Named for the region's rich history and culture, the trail traverses a forested corridor on a packed limestone surface through a rural landscape cut by babbling streams. With a nearly flat grade of around 1 percent and a firm surface, the route is ADA compliant and a pleasant ride for most ages and abilities. The park has a visitor center on Route 49 in Barton, where you'll find maps, a gift shop, restrooms and picnic sites. You can also rent bicycles. Campers will find five primitive tent sites here, too.
The entire corridor, preserved for interim trail use under the railbanking provision of the National Trails System Act, passes through some of the most remote and scenic areas remaining in the Delta region of eastern Arkansas. The region was once covered by a bottomland hardwood forest extending from Cairo, Illinois, to the mouth of the Mississippi River.

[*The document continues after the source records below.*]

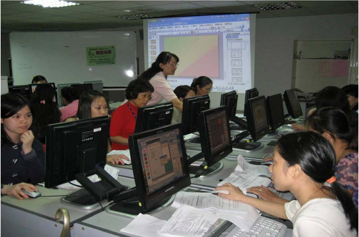
照片 21、新移民資訊教育
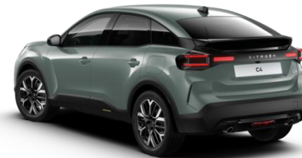
EME0 – Zelena Manhattan
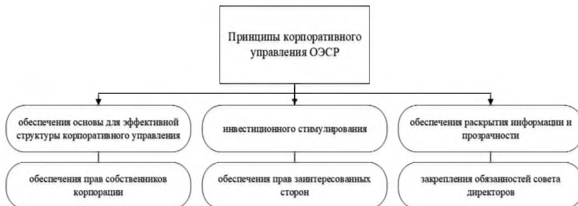
Рис. 1. Принципы корпоративного управления ОЭСР
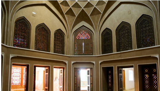
تصویر ۲: نمایی از عمارت هشتی

اصطبل‌بزرگ با شترخانه و غلام‌خانه در غرب باغ و در کنار رودخانه خشک قرار دارد. عناصر و اجزای باغ عبارتند از: عمارت سردر (بهشت آئین)، عمارت هشتی (عمارت بادگیر)، تالار طنبی، عمارت طهرانی، تالار آینه، عمارت سردر شمالی، اصطبل بزرگ، ابنیه فرعی و خدماتی و آب انبار.
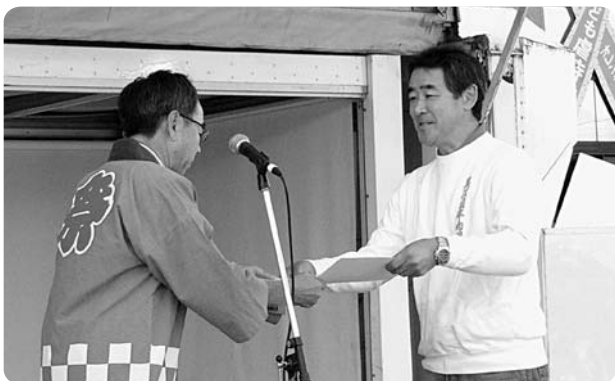
町民まつりにて表彰状の伝達が行われました

今は、会員約110人と大きくなった「半布里」を引っ張り「富加のまちから元気を発信！」を合い言葉に活動されています。
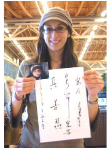
▲一位妈妈高兴的举着孩子照片和“真善忍”条幅

二零零六年十一月瑞士弗里堡健康博览会上法轮功展位受到欢迎。当了解了法轮功洪传世界八十多个国家的盛况和“真善忍”中文字的意义后，参观者纷纷索要“真善忍好”，“生命需要真善忍”等条幅。有几位推儿童车的妈妈，拿到条幅后，她们高兴的说，要回家镶在镜框里，挂在墙上，她们希望孩子能按“真善忍”的做人准则来成长。◇
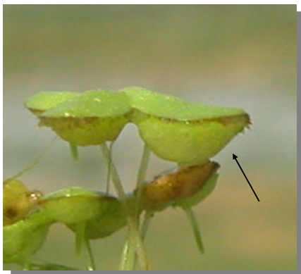
L. gibba. Vista lateral del fronde.

2-6 mm. Planta flotante; frondes orbiculares o abovados, gibosos en la parte inferior, a veces rojizos en los bordes; raíces de hasta 9 cm; inflorescencia de 0,8-1 mm.
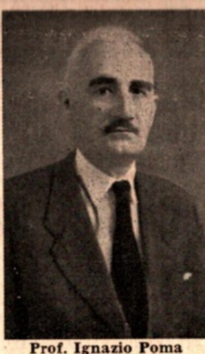
Prof. Ignazio Poma

Nel IX concorso internazionale di prosa e poesia latina, indetto dalla rivista «Latinitas» sotto gli auspici della Santa Sede, l'illustre concittadino e nostro apprezzato collaboratore prof. Ignazio Poma ha avuto assegnato l'onorevole «menzione» per la prosa.
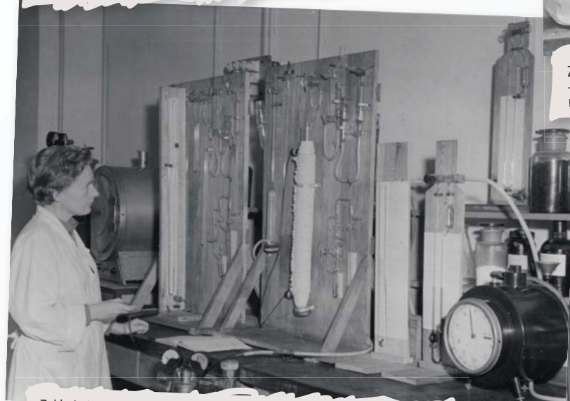
Zakład Chemii – badania aparatury do analizy ciągłej powietrza metodą chromatografii gazowej. J. Rousseau. Rok 1961
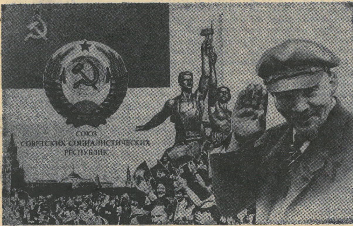
ПЛАКАТ ХУДОЖНИКА В. ПРОХОРОВА. ИЗДАТЕЛЬСТВО «ПЛАКАТ».
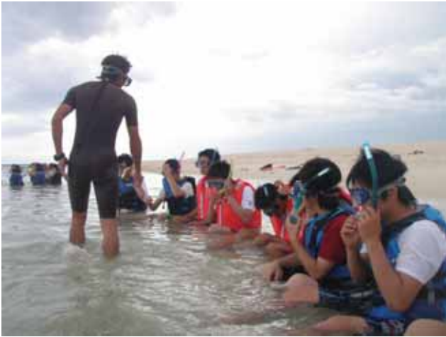
シュノーケリングのレッスン開始
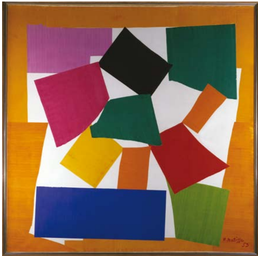
©Desc: L'Escargot. Artista: Matisse, Henri: 1869-1954: francés
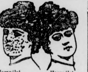
Használat előtt. Használat után.
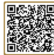
คู่มือการชำระค่าธรรมเนียม
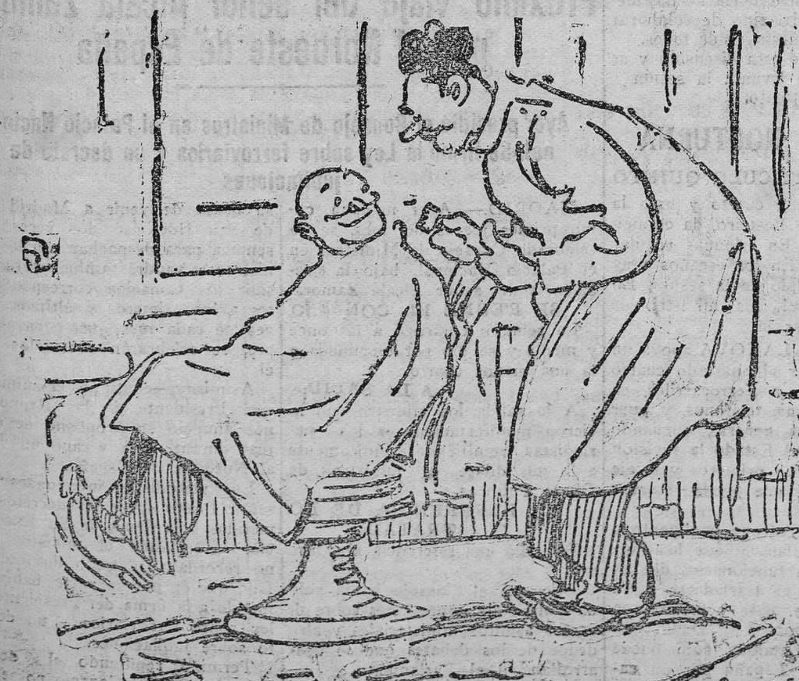
DIALOGUILLOS DE ACTUALIDAD

La junta directiva del Círculo Mercantil acordó suprimir durante los meses de julio y agosto la cuota de entrada establecida para los socios fundadores.
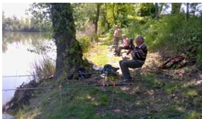
□ Rybáři z Vedrovic
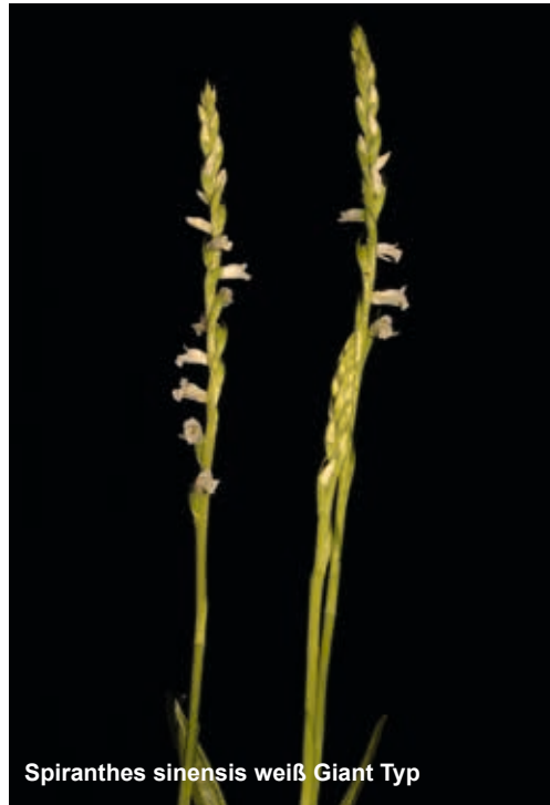
Spiranthes sinensis weiß Giant Typ

Düngung: Die Düngung sollte sehr zurückhaltend durchgeführt werden, da die Pflanzen ohnehin an sehr nährstoffarme Standorte angepasst sind. Mit gezielter Düngung kann die vegetative Vermehrung und die Ausbildung größerer Neutriebe gefördert werden, gleichzeitig steigt mit einem Übermaß aber die Mortalität. Dies sollte jeder Liebhaber abschätzen, wenn er z. B. so wertvolle Arten wie Sp. aestivalis kultiviert! Handelsüblicher Dünger mit reduziertem Stickstoffanteil kann verwendet werden. Die Düngergaben sollten 14-tägig mit einer Konzentration unter 200µS/cm erfolgen.

Today only fragments of this great forest remain since much of the land is separated and surrounded by agricultural development. Once completed, the middle portion of the trail will pass through some of the finest examples of the remaining wetland forest.
The southern end of the trail offers a route through shady tree tunnels that open up to old railroad bridge crossings of sloughs and bayous. Along these waterways, you might even spot alligators. The White River crossing is especially notable with its high steel bridge and a long, elevated trestle on either end. For the 3 miles between the White and Arkansas rivers, the trail will pass through the dense bottomland hardwood forests and wetlands of the Trusten Holder State Game Management Area.
As you continue south, you'll pedal through Rohwer. Here, be sure to take a side trip to explore the Rohwer Heritage Site where more than 8,000 Japanese Americans were interned between 1942 and 1945. More history is on display at the end of your journey in Arkansas City, where a handful of properties are on the National Register of Historic Places. In town, check out the John H. Johnson Museum and Educational Center, which celebrates the life and contributions of the founder of the Johnson Publishing Company, once the largest black-owned publishing company in the world.
Along the route, there are seven trailheads with parking (from north to south): Lexa, Barton, Lake View, Elaine, Watson, Rohwer, and Arkansas City.
Note that the Barton Trailhead, near the northern end of the trail, is located at the Delta Heritage Trail State Park visitor center, which offers camp sites, restrooms (no showers), grills, a community water spigot, interpretive programming, bike rentals, and a gift shop.
At the southern end of the trail, the Arkansas City Trailhead—styled as an old train depot—offers restrooms, picnic areas and a large grill, a water fountain, a bicycle repair station, and limited camping facilities.